Comparison of GC bias between ONT and whole-genome bisulfite sequencing (WGBS) platforms. (A) Pearson correlation analysis for all genomic sites with 100 kb intervals between KM and kidney tissue. (B) Pearson correlation analysis of the gene promoters between KM and kidney tissue. (C) Pearson correlation analysis for shared sites with 100 kb intervals between KM and kidney tissue using the shared sites from ONT and WGBS. (D) Pearson correlation analysis of the gene promoters between KM and kidney tissue using only the shared sites from ONT and WGBS. The red line represents the diagonal in (AD). (E) The genome recovery rate for the four datasets. (F) GC content distribution of zebrafish genome using 1 kb bins. (G) The read coverage bias in ONT and WGBS in relation to GC content with a bin size of 1 kb for this plot. A normalized coverage closing to 1 indicates no or low coverage bias. KM, kidney marrow. ONT, Oxford Nanopore Technologies. WGBS, whole-genome bisulfite sequencing.

To explore the reduced CpG recovery rate in the WGBS dataset and the discrepancies between ONT and WGBS, we assessed potential sequencing bias in genomic regions with varying GC content.

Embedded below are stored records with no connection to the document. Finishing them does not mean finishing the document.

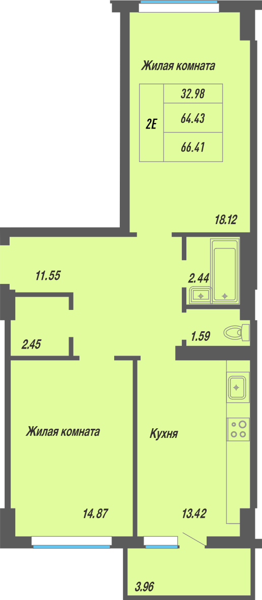 Площадь от 66.41 м2
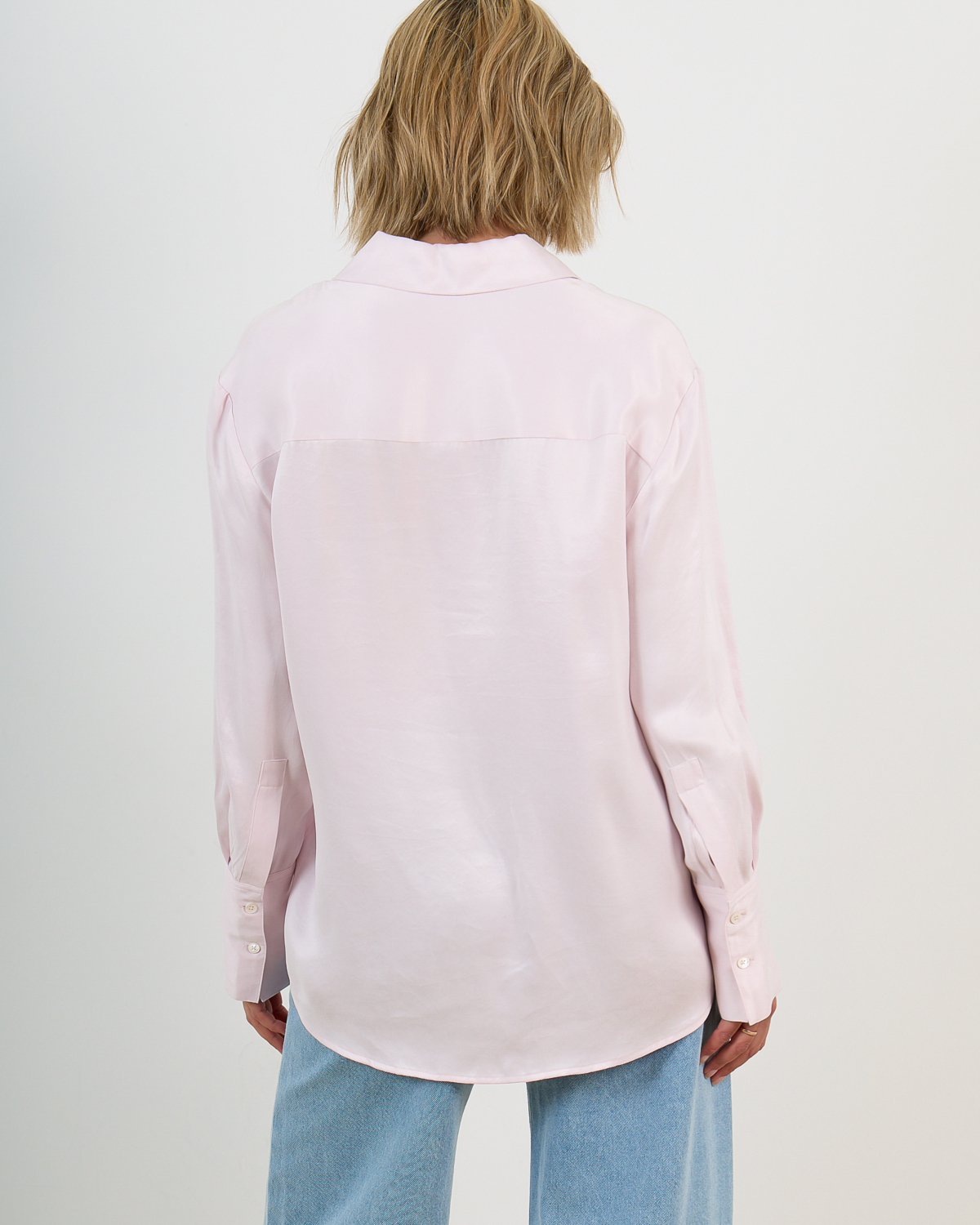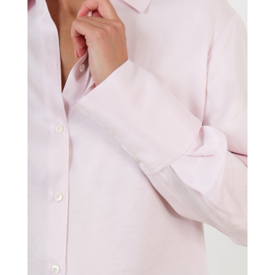 This elegant pink women's clothing piece from Anine Bing combines sophistication with contemporary style. The relaxed-fit silhouette features a classic collar and full button closure with matching pink buttons. Crafted from a premium 71% lyocell and 29% viscose blend, this long-sleeved blouse offers exceptional comfort and breathability. The soft pink hue creates a refined feminine touch that elevates any outfit.
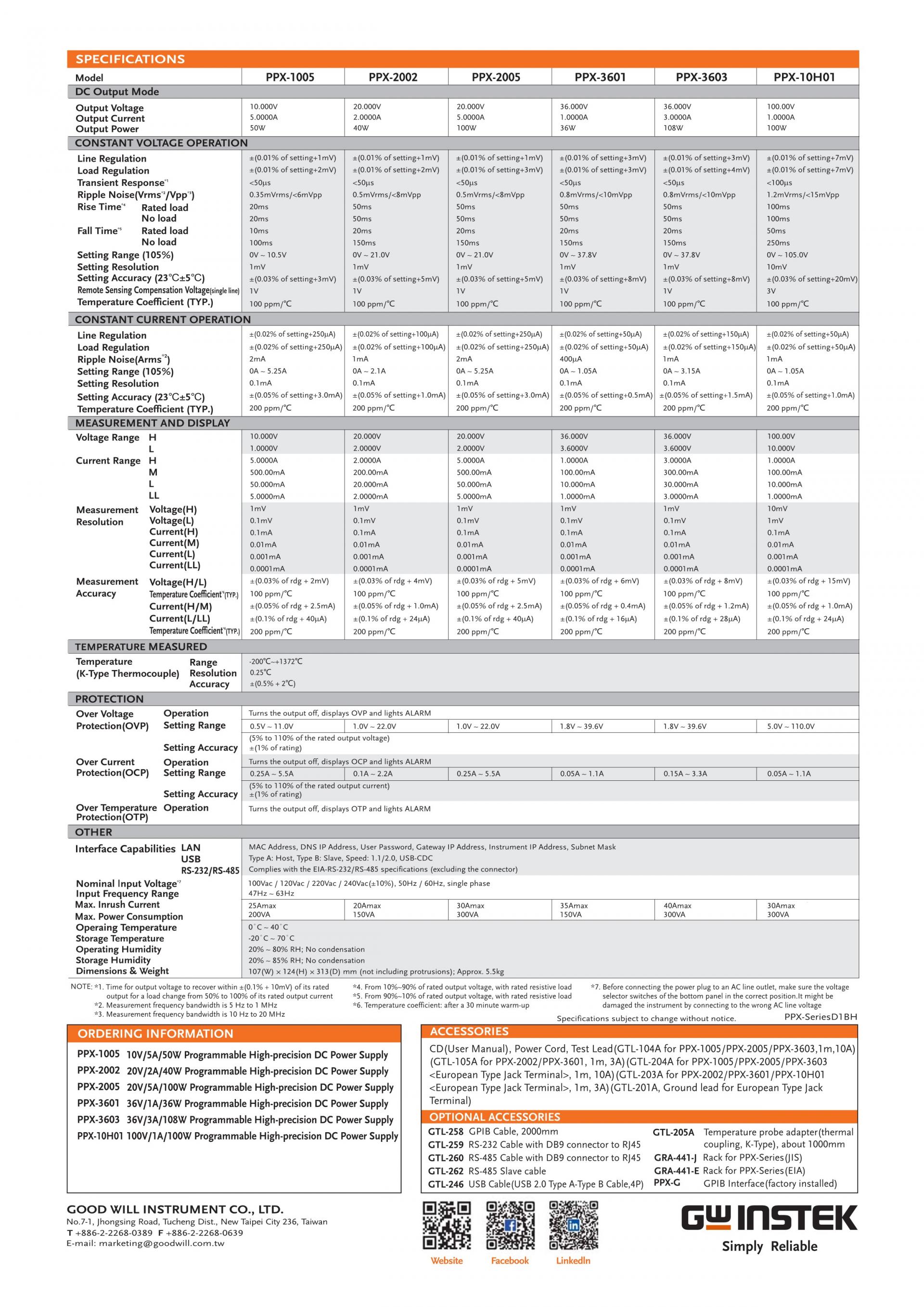 The PPX series programmable high-precision DC power supplies include six models; PPX- 1005(10V/5A/50W), PPX-2002(20V/2A/40W), PPX-2005(20V/5A/100W) ), PPX- 3601(36V/1A/36W), PPX-3603(36V/3A/108W), and PPX-10H01(100V/1A/100W). This series has the output low noise (0.35mVrms) and fast transient response characteristics (<50μs) of conventional linear power supplies.
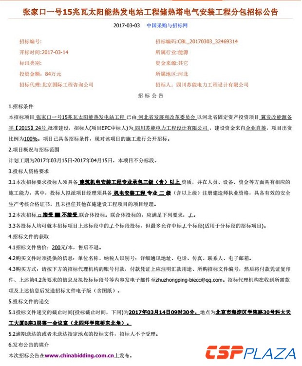 CSPPLAZA光熱發電網訊:近日,張家口一號15MW塔式太陽能熱發電工程儲熱塔電氣安裝工程開始招標,并對投標人資格提出了如下要求:
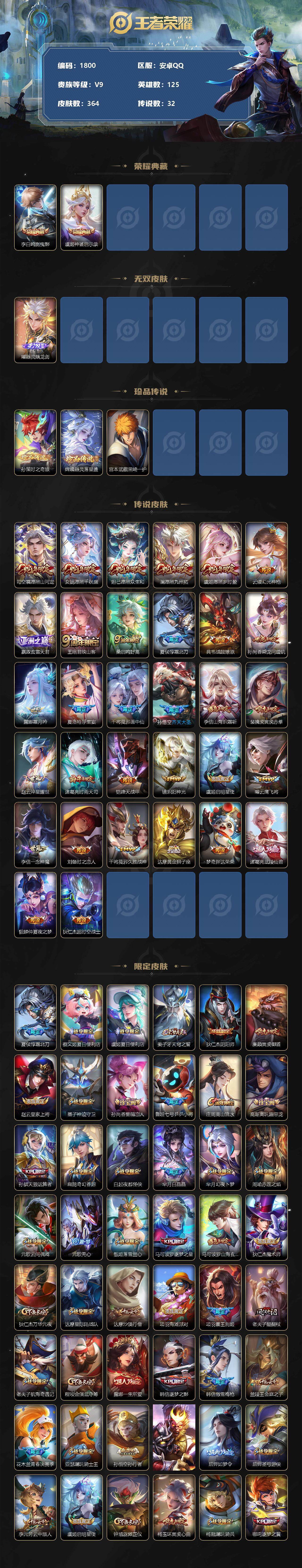 - [11598250]V8 1典藏 17传说 125英雄 289皮肤 可修改实名 优质装备:杀手不太冷,久胜战神,炽阳神光,一念神魔,音你心动-周瑜,无双飞将,山海·炽霜斩(李信年限),浮生妄,永恒水手月亮,夜礼服假面,霜月吟,澜逐花归海 传说皮:祥瑞亨通,幻光神枪 珍宝阁皮:万物之道,女武神,玩趣恶龙 限定皮:愿照·九州拓(澜年限),鸣野蒿,神威(电光马子),至美·乘鲤谣,高山流水,五谷丰年,冰锋战神,游园惊梦,逐梦之星,天狼溯光者,李小龙,如梦令-后羿,真爱至上,孙行者,猪悟能,冰霜恋舞曲,匿光追影者,寅虎·心曲(虎婆),寅虎·赤拳(老虎年限),神器·万象笔 史诗皮:器灵·浮梦炉,化蝶舞,星界特工,石田雨龙,蔬乡物语(鲁班七号),琥珀纪元伽罗,百相守梦-百里守约,遇见神鹿,紫霞仙子,电玩小子(小书包),黄金分割率,特工魅影,千年之狐,永昼,匿光破解者,百相守梦(关羽),匿光侦查者,江河有灵,百解令(蒙犽),高渐离燃音魔法,蒙恬荣光圣徽,偶像歌手,魅语,无限星赏官,晚萤,末日机甲-吕布,猫狗日记-孙策,乱世虎臣,节奏热浪,修罗,女仆咖啡,摇滚巨星,水果甜心,天才门将,星夜王子,心灵骇客,功夫厨神,德古拉伯爵,暗隐猎兽者,幽灵船长,鬼剑武藏,心灵战警,天秀·启明,舞动绿茵,地狱岩魂,诗语江南,纤云弄巧,拒霜思,缤纷独角兽,乘风破浪,逐浪之夏,水晶猎龙者,金属风暴,原初追逐者,圣诞狂欢,圣诞恋歌,鹰眼统帅,魅力维加斯,黎明之约,无心,未来纪元-赵云,玫瑰异探

To address this question, we compared four datasets, including kidney sample 1 (WGBS)26, kidney sample2 (WGBS)26, KM1(ONT), and KM2 (ONT), which had a raw yield of approximately 47.4 Gb, 70.9 Gb, 20.6 Gb, and 20.5 Gb, respectively. It is noteworthy that both WGBS datasets exhibited a lower genome recovery rate of approximately 85%, which is lower than that of ONT datasets (approximately 98%), despite higher data yield than ONT data (Fig. 5E). This indicates the presence of bias in the WGBS method.

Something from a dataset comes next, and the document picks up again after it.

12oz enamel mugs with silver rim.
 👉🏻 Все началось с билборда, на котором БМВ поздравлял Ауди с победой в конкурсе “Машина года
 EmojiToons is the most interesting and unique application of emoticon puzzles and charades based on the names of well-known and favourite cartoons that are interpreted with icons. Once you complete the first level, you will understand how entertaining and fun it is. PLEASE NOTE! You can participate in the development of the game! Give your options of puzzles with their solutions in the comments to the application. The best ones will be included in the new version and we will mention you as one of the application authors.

To determine whether the observed bias in the WGBS method is due to the GC content, further investigation is needed. As illustrated in Fig. 5F, the majority of GC content in the zebrafish genome lies between 10% and 60%, which guided our focus for read coverage analysis within this range. Our result demonstrated that ONT reads were relatively uniformly distributed across the genome, irrespective of GC content (Fig. 5G). Conversely, WGBS reads displayed a distinct bias, characterized by increased read depth in regions with low GC content and decreased read depth in regions with high GC content (Fig. 5G). This GC bias may lead to uneven genomic coverage when characterizing DNA methylation using WGBS reads, particularly in high GC content regions.